I’ve encountered a very weird behaviour and I’m struggling to find the root cause : I’m passing very small float via uniforms to my shader, however it seems that if the value is below a certain threshold the uniform is not updated and keep the previous value, except if the new value is zero ! For what I could test, the threshold seems to be around 5e-7
What is strange is if that I multiply the value by e.g. 1000 and immediately divide that value in the shader by 1000 the threshold is actually shifted by x1000 so it’s not any precision issue in the shader code itself.
Here is an short code to demonstrate the problem, at startup the program displays a blue square, if one press b, the square become red immediately.
However, if one press c, the square becomes a dark red correctly, but when pressed again and again the color does not change until the value is above 1e-9 and the square becomes blue again…
Python uses 64-bit floating-point variables, but GLSL uses 32-bit. So, the precision is reduced, which has the effect you are seeing here. When you are multiplying by, say, 1024, only the exponent value is changed and not the significand, so it shifts the precision issue with it.
Note that Panda also internally uses 32-bit floats for performance (though it can be recompiled in 64-bit mode), so you would observe the same effect passing a number into (eg.) setPos.
You can use 64-bit floats in your shader by using a type like dvec2. This requires relatively recent hardware. You can also use integers that cover the entire range you wish to represent (this is known as “fixed precision”).
The epsilon of 32-bit floats (the difference between 1.0 and the next storeable value) is 1.19209e-07, which sounds close to the 5e-7 that you reported.
I think i did not describe the problem properly: I’m not adding or comparing values ~1 with values smaller than 1e-7. Here I stay in the 1e-7 to 1e-8 domain, which is safely inside the float precision range (AFAIK, 32-bits float can represent values down to 1e-38).

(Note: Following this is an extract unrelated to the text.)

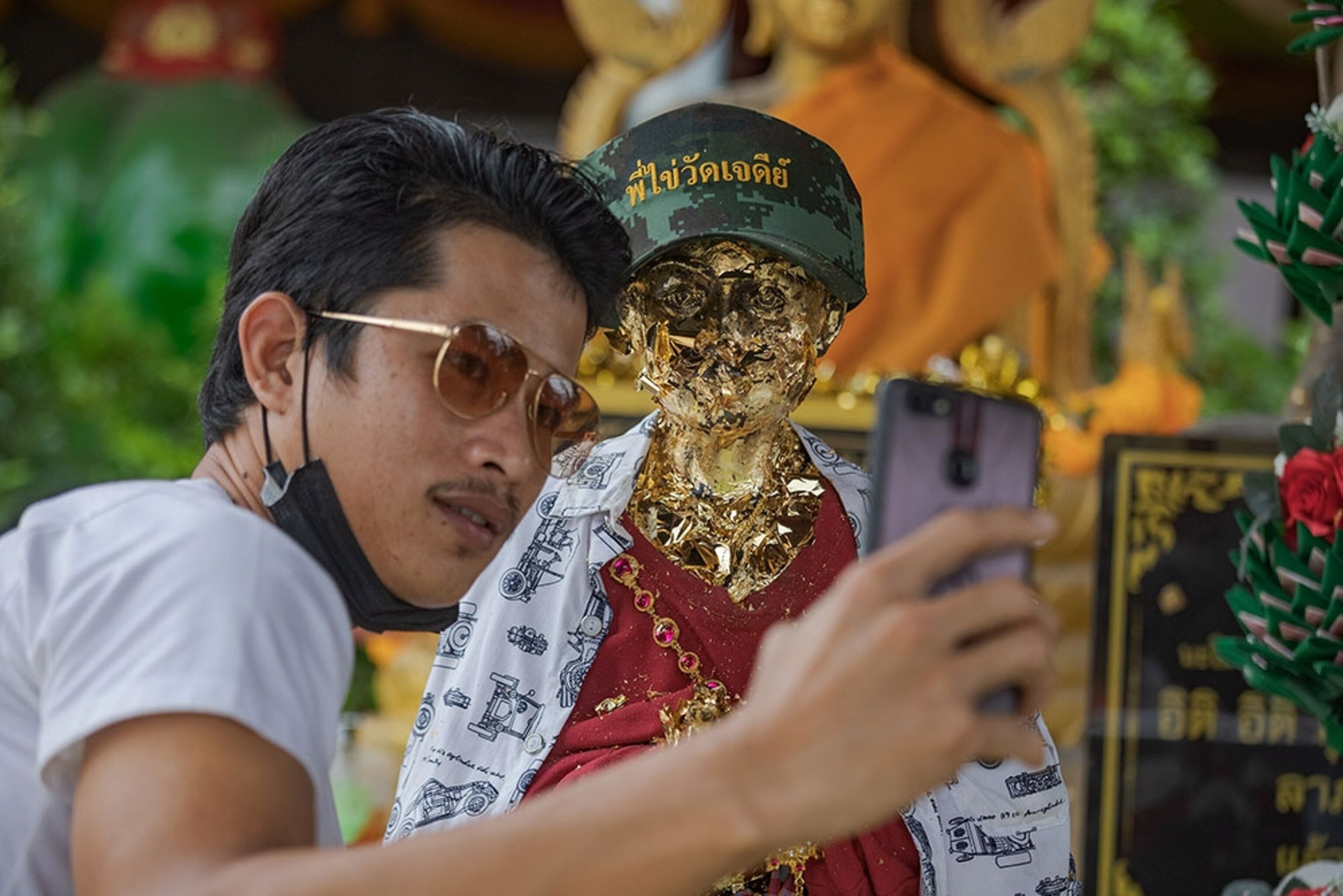 Egg boy: That’s the informal name of an 18th-century statue in southern Thailand that has suddenly become popular since the COVID-19 pandemic hit. Early fans claimed the statue brought winning lottery numbers and other wealth and success. Now thousands of Thais, many suffering from the collapse of the tourism industry, have begun streaming daily to Wat Chedi, the provincial Buddhist temple housing the statue. One tourist, named Diw, told Nat Geo: “I don’t really believe in this stuff, but I thought I’d give it a try.” (Pictured above, a pilgrim takes a selfie with a dressed-up replica of the statue outside the temple.)

The rounding due to the limited precision should not be noticeable and the range is well under the significance limit.
In the example above, I’m comparing multiple of 1e-9 with 1e-8 and then multiplying this value with 1e8 to get back to the ~1 range which shouldn’t be a problem.
OK, sorry for jumping to a conclusion so quickly. You’re indeed only changing the exponent when pressing c, which can indeed go down way further.
I tried using apitrace, which shows that Panda is consistently passing 1e-9 to the shader, and then suddenly switching to passing 5.12e-7. This is a little odd, and I’ll investigate further. My first thought is that it might have something to do with the way that we use SSE2 variables for storing shader inputs.
(For the record, I had to change the #version in your code to 130 as in is not a valid GLSL 1.20 keyword.)
I had a hunch, so I tried setting “state-cache false” in Config.prc and the issue appears to no longer occur.
I think the issue is that the state cache (which uniquifies ShaderAttrib objects) is using a hash algorithm that converts floating-point numbers to fixed-precision, with the intent of accounting for any floating-point precision issues. I’m not sure whether this was by design, but it’s certainly not having the intended effect here. But, I’m still missing a piece of the puzzle, so I’ll keep looking.
For the record, you can also do use PTAs to change the shader input value, which is more efficient if you are changing it many times and I don’t believe this method suffers from this bug.
I filed an issue. I’ll be taking care of this issue for 1.10.5. Thanks for reporting!